I have a list if products organized with a ParentID and ID and I need to be able to select and display them as organized Ordered by Name.

This article shows a good example using the World-Continent-Country-City-etc. example: http://microsoft.apress.com/asptodayarchive/72582/backing-up-files-from-asp

World
World-Asia
World-Europe
World-Europe-France
World-Europe-France-Paris
World-North America
World-North America-New York
World-North America-New York-New York City

but it does not work with mySQL

table: Items
fields: ID, Name, Description, ParentID, Cost
ID is primary and auto_increment, INT
ParentID is also INT

I was thinking of exporting them to a Hash list or even an Array, then resorting, but was hoping for one good mySQL statement to help. That was when I found out I could use this statement:

SELECT * FROM Items WHERE ParentID IN ( SELECT ID FROM Items ) AND Sto +reID = 2 ORDER BY ParentID, Name
and I would need to run it for at least 4 levels deep.

Here's what I used to use when things were originally pre-sorted. New items were added and they now appear isolated at the bottom of the list.

my $select="SELECT * FROM Items WHERE StoreID = $storeID"; &ExecureDB($select); while ( my ($ID, $NM, $DES, $PI, $PRC)=$sth->fetchrow_array ) { my ($rate, $PAD); # Setup for   Padding unless ($PI == 0) { $rate=4; if ($lp == $PI) { $c1 = $ID; } # Last Parent ($lp) & 1st Child ($c +1) elsif ($c1 == $PI) { $c2 = $ID; $rate*=2; } # Save 2nd Child ($c +2) elsif ($c2 == $PI) { $c3 = $ID; $rate*=3; } # Save 3rd Child ($c +3) elsif ($c3 == $PI) { $c4 = $ID; $rate*=4; } # Save 4th Child ($c +4) else {$rate*=5;} $PAD="  " x $rate; } else { ($c1, $c2, $c3) = ('', '', ''); $lp=$ID; } # Clear Memory print "$PAD $NM - $PRC - $DES", br;

I use this for populating an <OPTION> field with values and all. It's just modified for easy testing now.

Thanks in advance for your guidance.

Replies are listed 'Best First'.
Re: Parent/Child Association with mySQL statements
by moritz (Cardinal) on Sep 07, 2008 at 22:56 UTC
    The article Managing Hierarchical Data in MySQL might be of interested for you.

    The way you store your tree now (by storing the parent ID) means that you have to recurse to retrieve the nesting depth, and that you need to execute one sql statement per level.

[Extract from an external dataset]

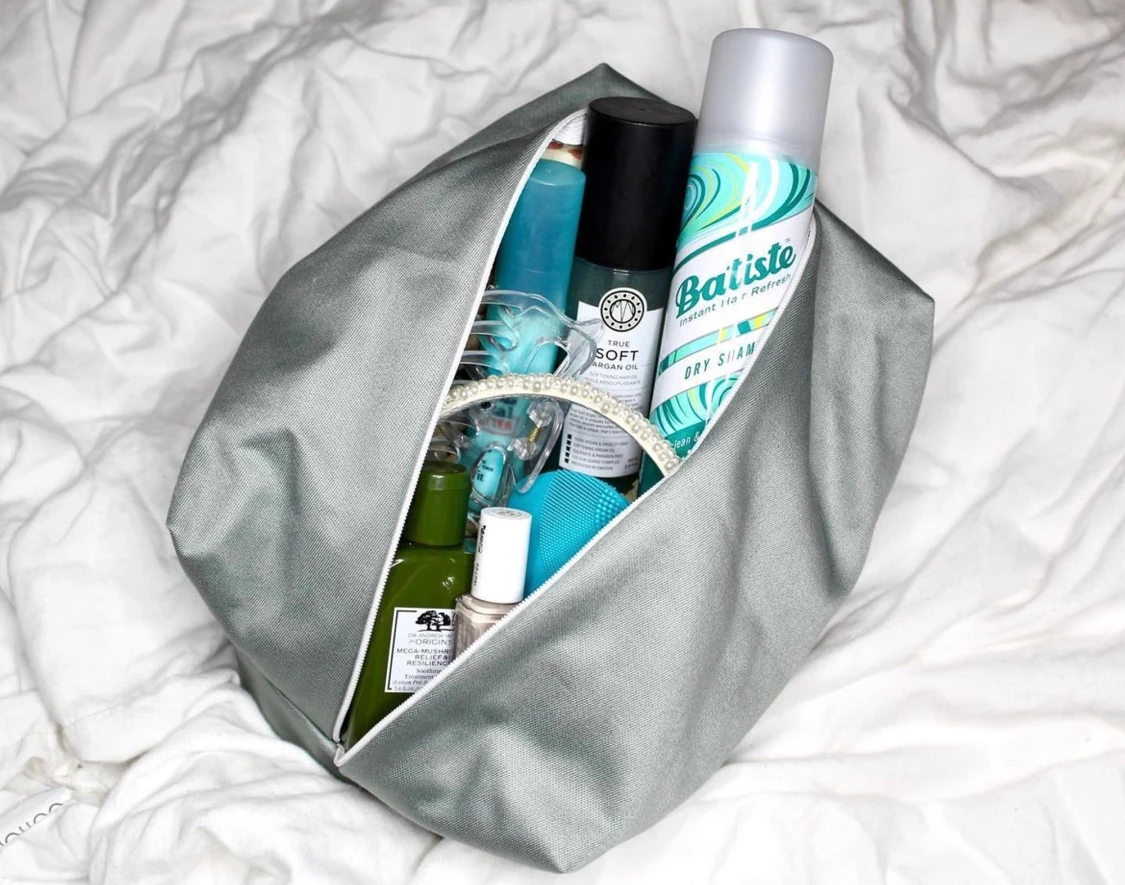 Stor Grågrön Necessär med 1 blommig & 1 blå satin insida🪩💚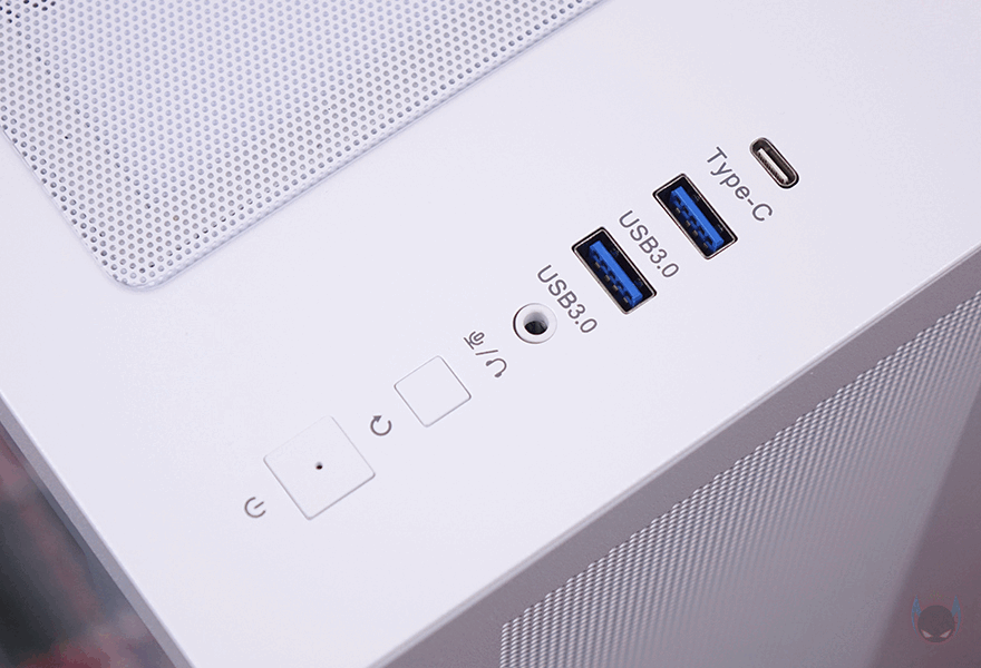 케이스 상단 같은경우에는 자석 방식의 먼지 필터가 부착되어 있으며, 분리하면 상단 쿨링시스템을 갖출 수 있게 나사홀과 함께 벌집 모양 에어홀을 적용했습니다. 참고로 상단 쿨링시스템은 팬을 사용했을 시 120mm 최대 3개를 장착할 수 있고, 수랭쿨러 사용 시에는 최대 360mm 라디에이터를 장착할 수 있죠. 그리고, 상단 앞부분 오른쪽에는 버튼과 포트가 배치되어 있으며, 전원 버튼, 리셋버튼, 오디오 포트, USB 3.0 포트 2개, USB 타입 C 포트 1개 순으로 적용되어 있습니다. 참고로, 출시기념 이벤트로 구매자에겐 팬 컨트롤 허브를 제공해주고 있으며, 허브를 리셋버튼 케이블과 연결하면 메인보드 RGB Sync가 없는 시스템에서도 다양한 RGB 모드로 사용할 수 있습니다.

Other ways of storing the tree (as described in the article above) might work better, but it really depends on what you do with your data, and how often you do it.

Re: Parent/Child Association with mySQL statements
by perrin (Chancellor) on Sep 08, 2008 at 01:14 UTC
    You could convert that Microsoft approach to MySQL. It has stored procedures. I don't really see the point though. The simplest way to work with tree data in a database is to just walk the tree with recursive calls to the database (SELECT id FROM table WHERE parent_id = ?). There are probably even some CPAN modules to help with this. Don't make it any harder than that unless you're having some kind of performance problems.
Re: Parent/Child Association with mySQL statements
by Corion (Patriarch) on Sep 08, 2008 at 06:44 UTC

    Another thing to look at if you want to eliminate the recursive retrieval of rows are Nested Sets by Joe Celko. It makes insertion a bit slower but retrieval is much faster than repeated queries for every level of the tree.